Facebook Inc is teaming up with Microsoft Corp, the partnership on AI coalition and academics from several universities to launch a contest to better detect deepfakes, the company said in a blog post.

The social media giant is putting $10 million into the ‘Deepfake Detection Challenge,’ which aims to spur detection research. As part of the project, Facebook is commissioning researchers to produce realistic deepfakes to create a data set for testing detection tools.

The company said the videos, which will be released in December, will feature paid actors and that no user data would be utilised.

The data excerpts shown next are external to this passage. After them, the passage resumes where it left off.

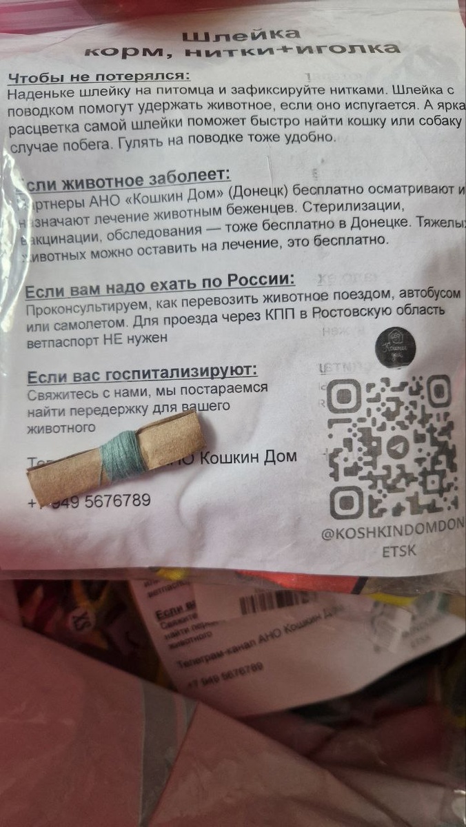 Вы на канале АНО Кошкин Дом Донецк. Это проект спасения животных с линии фронта, волонтёры вывозят кошек и иногда собак в Донецк, где лечат и потом стараются их пристроить. А также делают много другого важного и полезного. Да, и такое мы передаём в ПВР, казалось бы, зачем? Очень надо, поверьте, Каждая шлейка - это надёжно зафиксированный кот, которому вместе с людьми-беженцами долгое время перемещаться. И вот уже третью партию шлеек сегодня передадим в распределительный пвр. Туда доставляют людей, вышедших к точке эвакуации из Красноармейска и Димитрова. Много километров ослабленные люди идут пешком - заехать эвакуационной бригаде невозможно. Сегодня и ближайшие дни лютый мороз. Донбасский степной ветер в состоянии обморозить даже при -5, а не то, что при -15 -19, как будет в эти дни. Наша задача - обеспечить людей шлейками, чтобы можно было в помещении безопасно вынуть питомца из переноски или сумки, дать им корм, пеленки и оставить наши контакты на случай ветеринарной или иной помощи
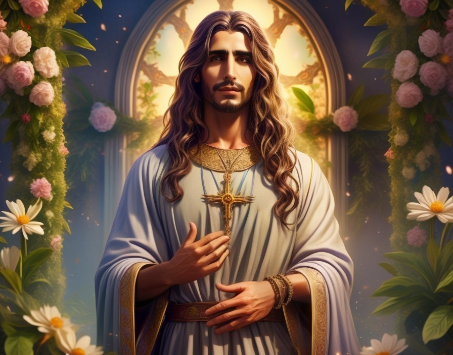 A stylized illustration of priest with a crucifix, surrounded by flowers and arches bathed in warm light.
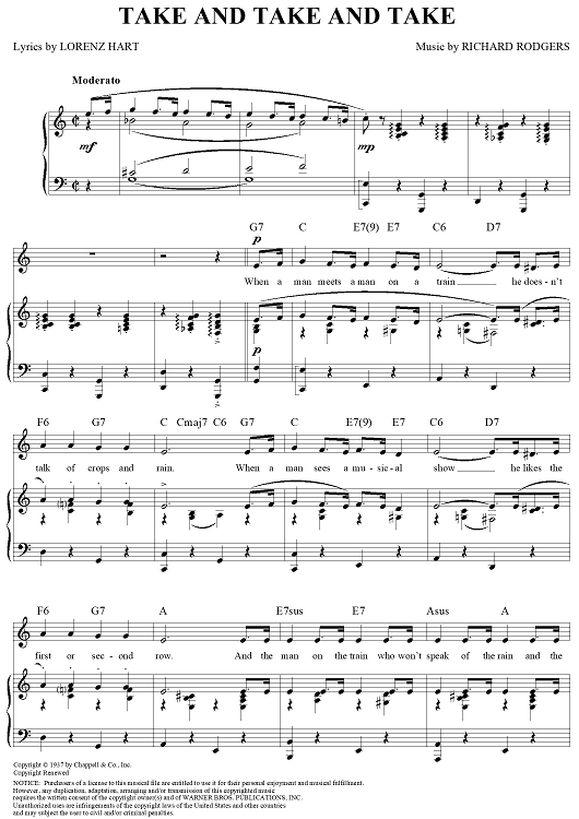 Digital Sheet Music for Take and Take and Take by Richard Rodgers, Lorenz Hart scored for Piano/Vocal/Chords; id:313997
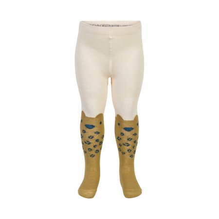 Strømpebukserne har sjove mønstre på benene, og er fremstillet i et blødt og bevægeligt materiale.
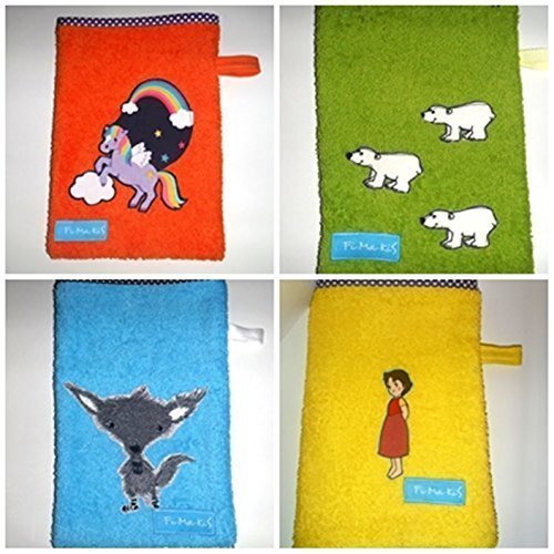 Schreibt beim Kauf einfach dazu welche Farbe und welches Motiv und wieviele Waschhandschuhe ihr wünscht:-)
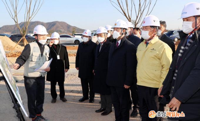 ÇöÀå¿¡¼ °ø»ç °ü°èÀڷκÎÅÍ °ø»ç ÁøÇà ÃßÁø »óȲ µîÀ» µè°í, ƯÈ÷ ȤÇѱâ¿Í ÇØºù±â °Ç¼³ ÇöÀåÀÇ ¾ÈÀü »ç°í ¹æÁö¸¦ À§ÇÑ ÇöÀå°ü¸®¿Í Äڷγª19 Áö¿ª ÀüÆÄ ¹æÁö¸¦ À§ÇÑ ÇöÀ广¿ª öÀú µîÀ» °Á¶Çß´Ù.
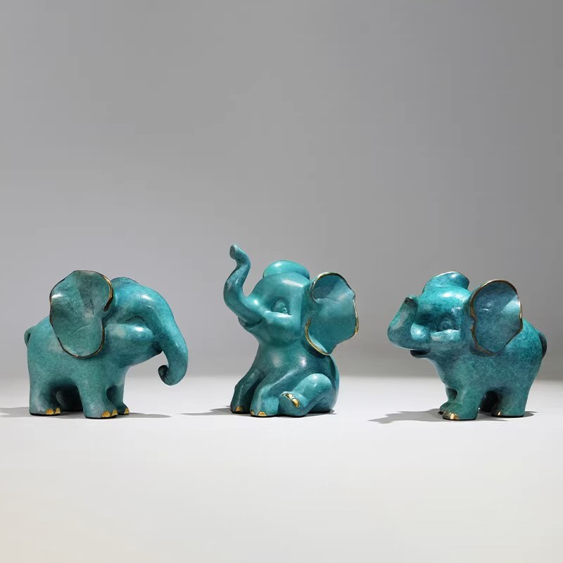In modern life, this statue is more than just an artistic ornament; it also symbolizes good fortune and harmony. Elephants have long symbolized wisdom and strength, while the grouping of three elephants emphasizes unity, companionship, and happiness. Crafted from bronze, the Three Elephants statue boasts soft, elegant colors and meticulous craftsmanship, ensuring long-lasting beauty. Displaying it in your home or office not only adds to the artistic ambiance but also fosters positive and auspicious meanings.
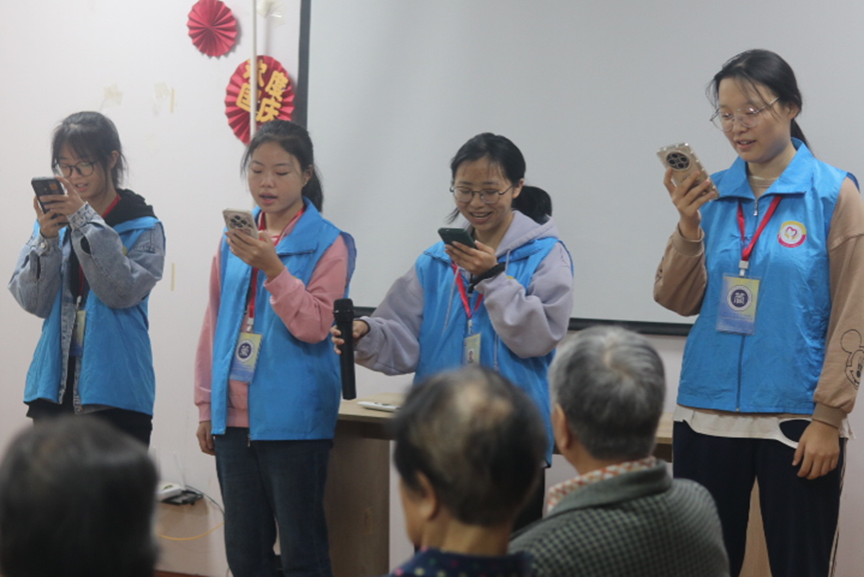 活动伊始,志愿者们通过在舞台上表演合唱歌曲《最炫民族风》活跃了现场氛围,为老人们带来欢乐。台下的志愿者们陪伴在老人身边,与他们交谈,倾听过往的事迹。合唱《没有共产党就没有新中国》《感恩的心》等歌曲唤起了老人们对过去岁月的回忆,也让志愿者们深刻体会到了历史的厚重和过往的不易。
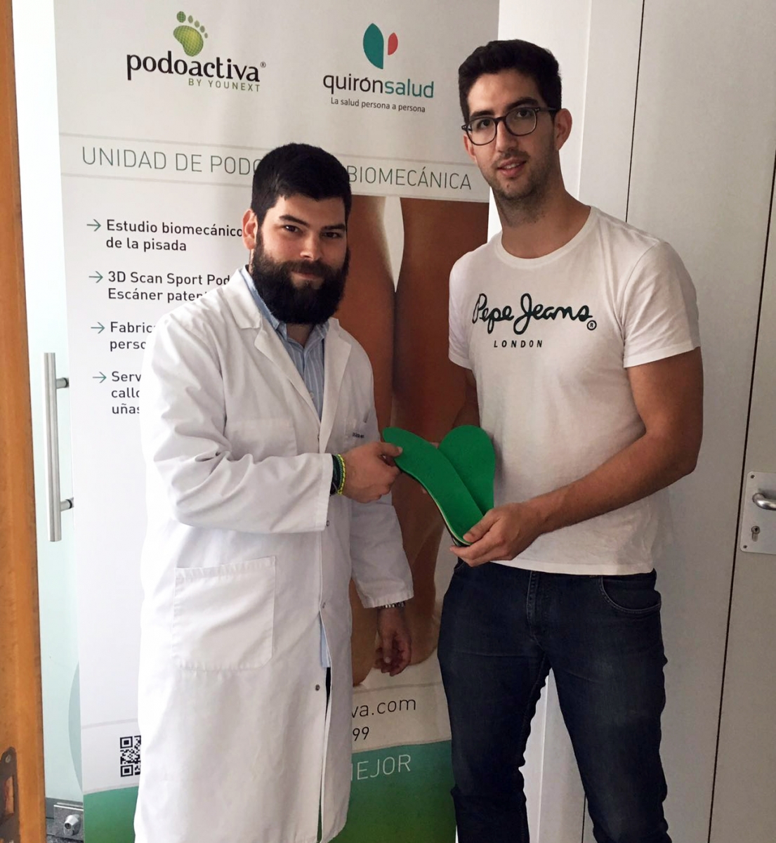 Carlos Martín, responsable de Podoactiva Zaragoza entregó al jugador sus nuevas plantillas personalizadas.
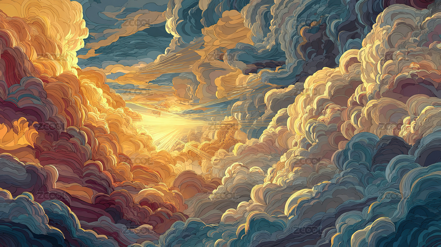 七彩祥云古风神话背景
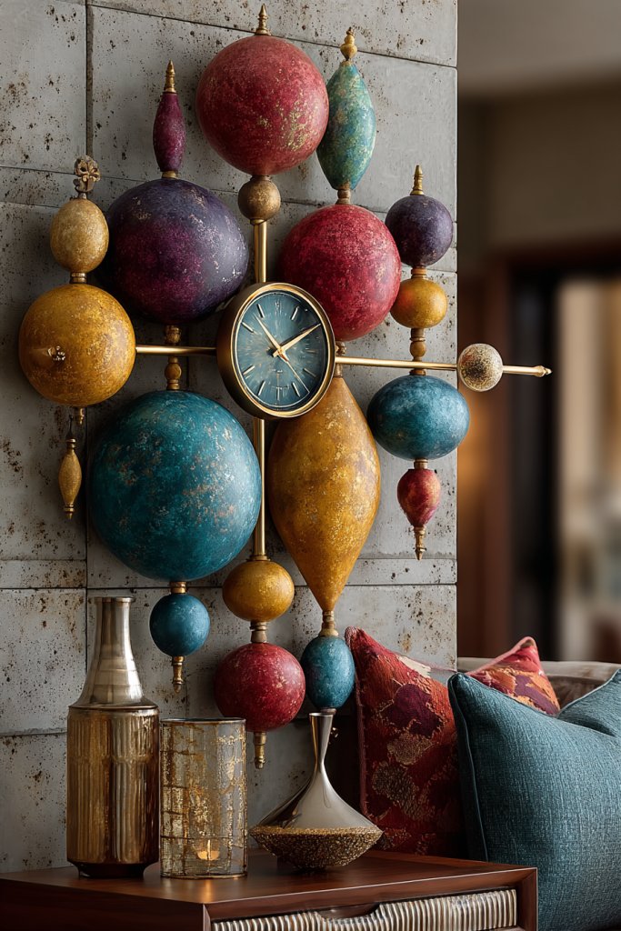 Imagine a large clock with a sunburst design, or a clock shaped like a vintage record. Or a sculptural piece that looks more like art than a timekeeper. These clocks come in bold colors, metallic finishes, or abstract forms, making them focal points on your walls. They add movement and a sense of whimsy, transforming an ordinary wall into a playful gallery of time and art.
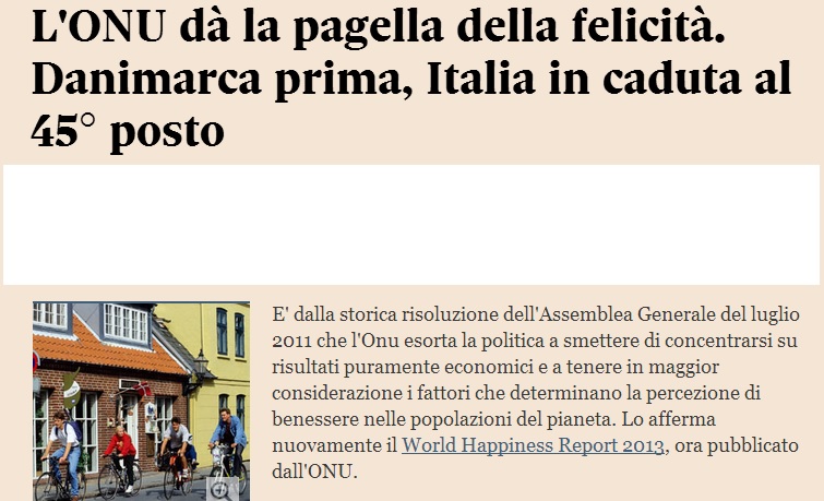 “….Il World Happiness Report 2013 pubblicato dall’ONU è uno studio di 156 pagine ed è il secondo finora realizzato su un corpus di oltre 150 Paesi.
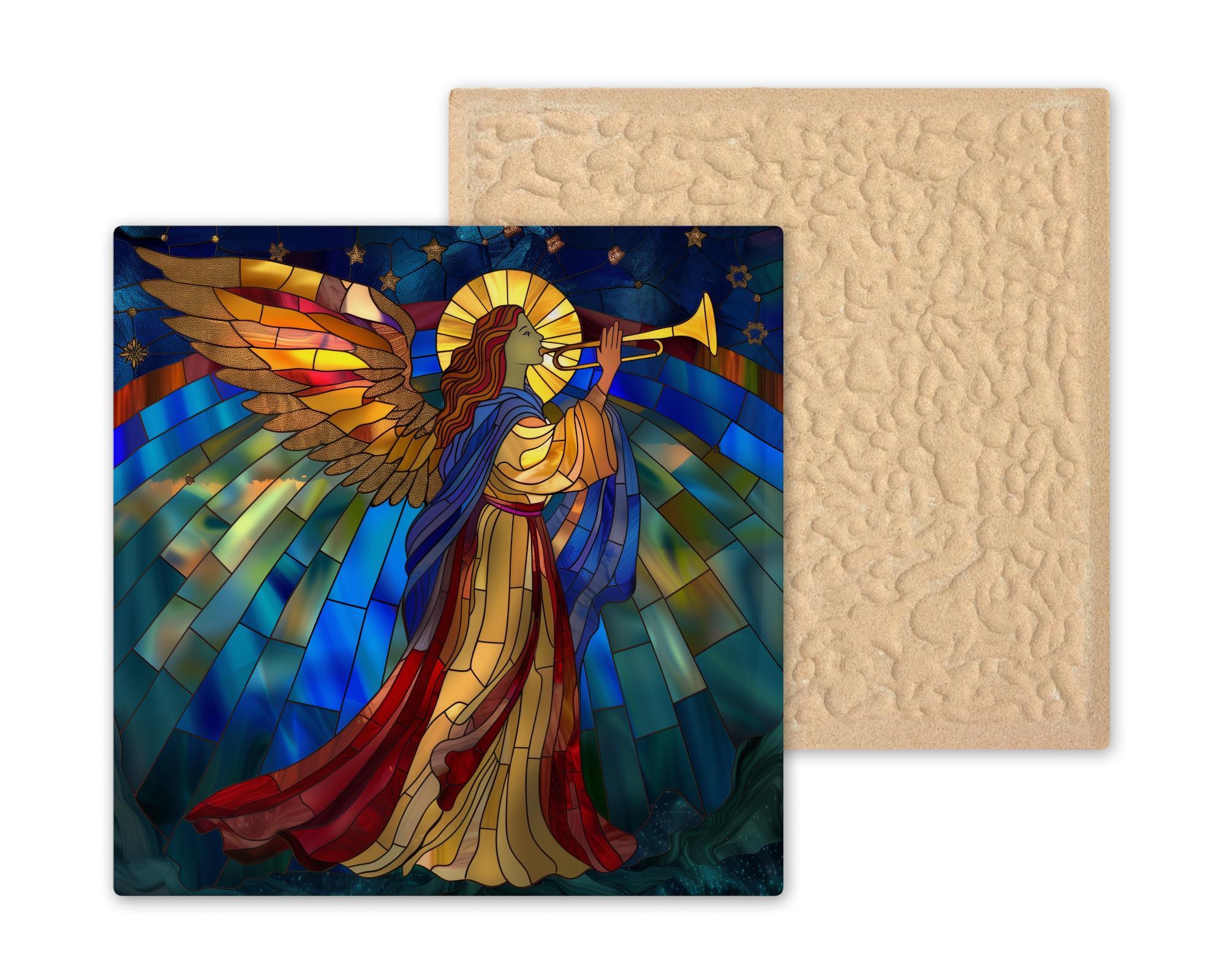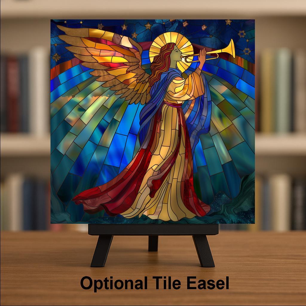 Bring a sense of heavenly peace to your home with this stained glass–style ceramic tile featuring a majestic angel with trumpet. Draped in flowing robes of red, cream, and blue, the angel’s golden wings shine as radiant light streams across the sky. Above her, stars shimmer with spiritual beauty, while the golden halo symbolizes divine light and guidance. Though the artwork may resemble stained glass or mosaic, please note it is not. This is a permanent print on ceramic tile, made to capture the luminous artistry of stained glass in lasting form.

In the run-up to the US presidential election in November 2020, social platforms have been under pressure to tackle the threat of deepfakes, which use AI to create hyper-realistic videos where a person appears to say or do something they did not.

While there has not been a well-crafted deepfake video with major political consequences in the US, the potential for a manipulated video to cause turmoil was recently demonstrated by a ‘cheapfake’ clip of House Speaker Nancy Pelosi, manually slowed down to make her speech seem slurred.

In August, the Democratic National Committee demonstrated the threat from deepfake videos by creating one of its own Chairman Tom Perez, to make the audience at a hacker convention, Def Con, think the real Perez had Skyped into the conference. “They (deepfakes) lower the bar for an adversary that wants to create manipulated media,” said Matt Turek, who runs DARPA’s Media Forensics program.